Looking at the t-statistic of L(lc, 1):
print(adf_lc.tvalues)
The value is -2.391784 > −3.45, so we do not reject the null hypothesis of a unit root. The same can be shown for the variable ly as well (verify this!).
Now, we want to test whether the errors of the model: $$\text{lc}_t = \alpha + \beta \cdot \text{ly}_t + \gamma t + \epsilon_t$$
make a stationary process, i.e. do not have a unit root. We will try two different cointegration models - one with a trend and one without:
cy_res_no_trend = pd.DataFrame([smf.ols(formula = 'lc ~ 1 + ly', data = ham).fit().resid], index = ["res"]).T
cy_res_trend = pd.DataFrame([smf.ols(formula = 'lc ~ 1 + ly + time(lc)', data = ham).fit().resid], index = ["res"]).T
We want to test whether $|\phi| < 1$ from the model: $$\text{cy_res}_t = \phi \cdot \text{cy_res}_{t-1} + \epsilon_t$$
However, if the errors of this model do not constitute WN, the standard OLS procedure gives the erroneous (i.e. incorrect) estimate of $\phi$. Then:
- First approach is to replace the $AR(1)$ model by an $AR(p)$ model;
- Second approach is to use the $AR(1)$ model, but to take into account the fact that the errors are not $WN$ - this could be done by the
Phillips-Outliaris test.
First Method¶
This method is also called the Engle-Granger method, it tests for the unit root in errors hypothesis. However, the OLS procedure proposes the coefficients to the cointegration equation such that the variance of the residuals is minimum, thus the residuals are too stationary. In other words, the null hypothesis for a unit root will be rejected too often.

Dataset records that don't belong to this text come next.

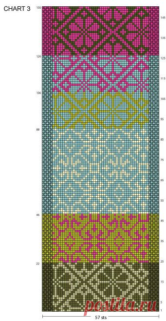 Свитер с рельефным узором и с жаккардовыми бордюрами - схема вязания спицами. Вяжем Свитеры на Verena.ru
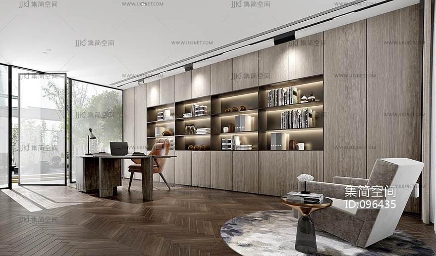 现代轻奢书房 3d模型下载 [模型ID:96435]
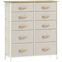 Beige Fabric Chest of 10 Drawers – Modular Bedroom Storage, Steel Frame, High Capacity | Wowcher
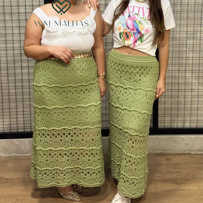 Saia Longa Feminina Tricot Ponto Crochê Confortavél Estilosa Tendência WM Malhas Moda Plus Size
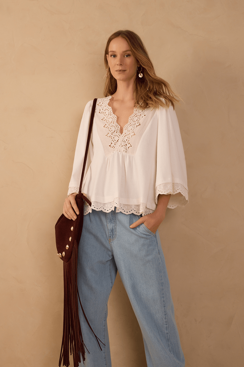 Delicada, leve e atemporal. A bata de comprimento regular, possui caimento soltinho, mangas ¾, decote v e detalhes em renda. Perfeita!
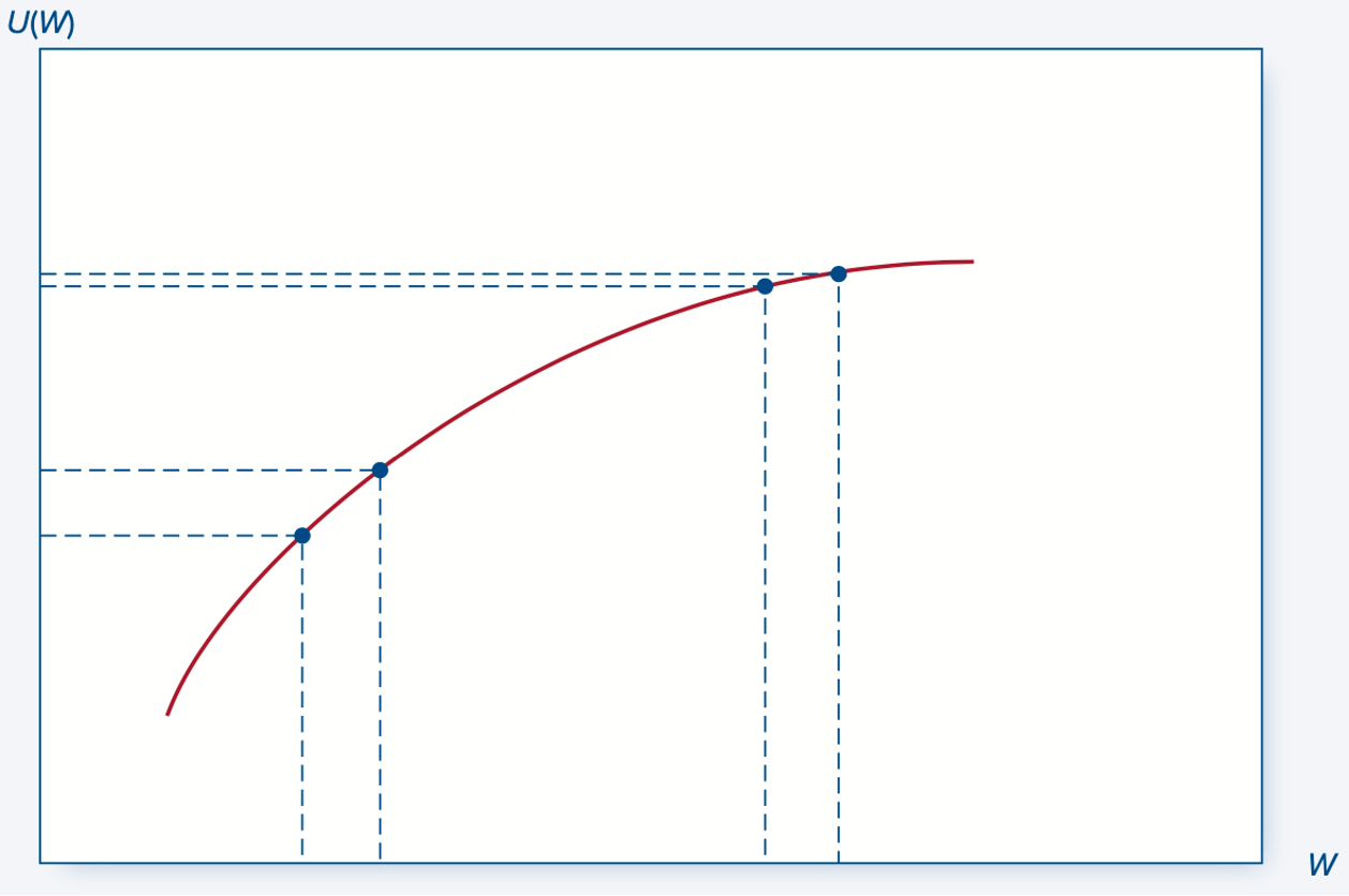 Bernoulli suggested that the value of money for a player depends on their existing wealth. Clearly, for someone with only 10 thalers, winning 1 thaler is more valuable than it would be for a millionaire. Thus, this win, although having the same monetary value, has different utilities for different players. The function that relates a player's wealth WW to their utility UU is called the utility function.
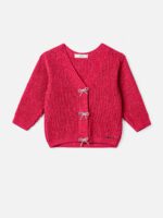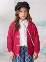 O Cardigan Rosa feito com tricot de alta qualidade. Os delicados laços na parte frontal, adornados com strass, conferem um toque encantador e sofisticado. Versátil e elegante, este cardigan é perfeito para compor looks confortáveis, sendo uma escolha ideal para diversas ocasiões. Composição: 100% acrílico. Ref.: N3795
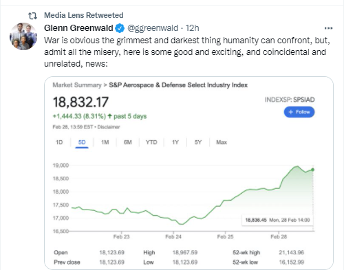 We see this operating today. The war profiteers have already made billions from the war in Ukraine. Look at this surge in defence stocks.
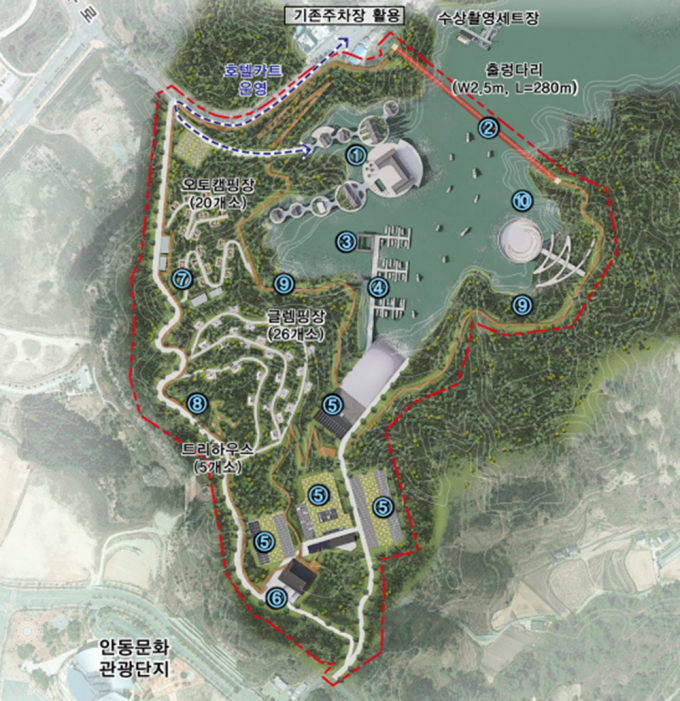 지역에 특화된 관광인프라 구축을 위해 수상 공연장(74억 원), 미디어파사드(22억 원)를 조성한다. 또 안동호 권역에 마리나리조트와 구 안동역 부지에 문화관광타운을 조성할 계획이다.
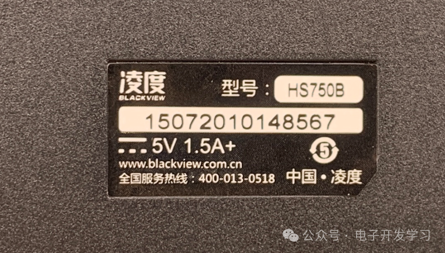 背部的铭牌上有具体的型号,凌度HS750B,供电是5V直流电。
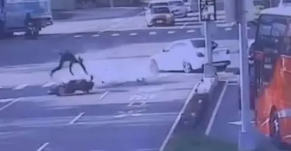 苗栗紅牌重機「高速闖紅燈」猛撞奔馳車!22歲騎士噴飛10米重傷
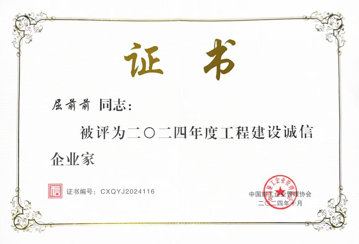 副總經(jīng)理屈前前被評(píng)為“2024年度工程建設(shè)誠信企業(yè)家”!

This is why we use other critical values to test the null hypothesis $H_0: \rho - 0$ for $\Delta e_y = \rho e_{t-1} + \gamma_1 \Delta e_{t-1} + ... + \gamma_{p-1} \Delta e_{t-p+1} + w_t$.
The asymptotic 5% critical values for residual unit root tests for cointegration in: $$Y_t = \alpha + \beta X_t + \epsilon_t$$
| No. of X's in the right-hand-side of eq. |
No deterministic terms in eq. |
Only constant in eq. |
Constant and Trend in eq. |
|---|---|---|---|
| 1 | -2.76 | -3.37 | -3.80 |
| 2 | -3.27 | -3.77 | -4.16 |
| 3 | -3.74 | -4.11 | -4.49 |
| 4 | -4.12 | -4.45 | -4.74 |
| 5 | -4.40 | -4.71 | -5.03 |
we shall perform the test manually. Here is the final model of the residuals is:
res_coint_no_trend_eq = smf.ols(formula = 'd(res) ~ -1 + L(res, 1) + L(d(res), 1) + L(d(res), 2) + L(d(res), 3) + L(d(res), 4)', data = cy_res_no_trend).fit()
print(np.round(pd.DataFrame([res_coint_no_trend_eq.params, res_coint_no_trend_eq.pvalues], index = ["coef", "p-value"]).T, 4), "\n-----\n")
print(res_coint_no_trend_eq.tvalues)
In this case, we have that since -2.752 is closer to zero than -3.37, we do not reject the unit root in errors null hypothesis, thus the processes lc and ly are not cointegrated.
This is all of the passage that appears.